Fragment Society
- Formation: December 22, 1812; 212 years ago
- Founded at: Boston, Massachusetts
- Type: Charitable Society
- Purpose: Provide clothing and layettes to needy members of the greater Boston area community.
- Website: www.fragmentsociety.org

= Fragment Society =

American nonprofit organization

The Fragment Society is a charitable women's society, founded in 1812 in Boston and incorporated in 1816.

==Mission and history==
The members of the Fragment Society make and buy clothing to be given to those in need. It is one of the oldest continuously-operating sewing circles in the United States, and the oldest continuous sewing circle in Boston. The first meeting of the Fragment Society was held on October 19, 1812, and the constitution of the organization was adopted during their second meeting, held October 22 of that same year. There were eleven original members of the Fragment Society, six single women and five married women.

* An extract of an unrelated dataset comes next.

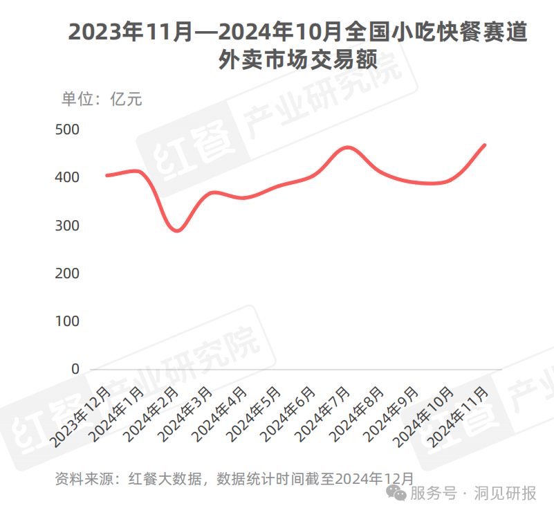 外卖服务的便捷性和高效性推动了小吃快餐外卖市场的持续增长。红餐大数据显示, 2023年12月至2024年11月,小吃快餐赛道的外卖市场交易总额超过4,700亿元,占小吃快餐赛道市场规模的46.5%。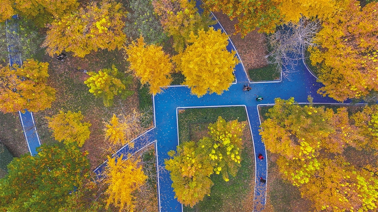 河北 图为10月31日,市民在河北省遵化市人民公园赏景游玩(无人机照片)。新华社发(刘满仓 摄)

They chose their name from the parable of Jesus feeding the multitude with loaves of bread and fish, in which Jesus reminds his disciples to leave nothing behind, “to gather up the fragments that remained, that nothing be lost.” Their original aim was to meet the increasing needs of the widows and orphans quickly cropping up in the wake of the War of 1812. Shortly after the founding meetings, the founders of the Society recruited four hundred other members from Boston's leading families, many of whom joined as family groups. In the first year of operation, at least 506 requests for assistance were answered by the Society. Since the beginning, the Fragment Society has been particularly concerned with pregnant women, and adopted the practice of creating layettes for needy mothers.
The Fragment Society was incorporated by the Commonwealth of Massachusetts in 1816. The society celebrated their bicentennial in October 2012.

==Current activities==
The Fragment Society purchases the clothes that they give away as donations, with the exception of layettes, which members sew at meetings. They have been known to occasionally give aid in the form of scholarships or fundraising, but only very rarely. Their charitable efforts are mostly focused on the greater Boston area, but in times of national emergency, their aid work has been more widespread.

Membership in the Fragment Society is relatively limited, and the organization usually consists of about 200 dues-paying members, many of whom are the descendants of past members. The dues paid by members go towards the Society's permanent fund, the interest of which funds much of the Society's charity work. The administration of the Society consists of a president, vice president, secretary, treasurer, and a board of managers. There are five meetings a year.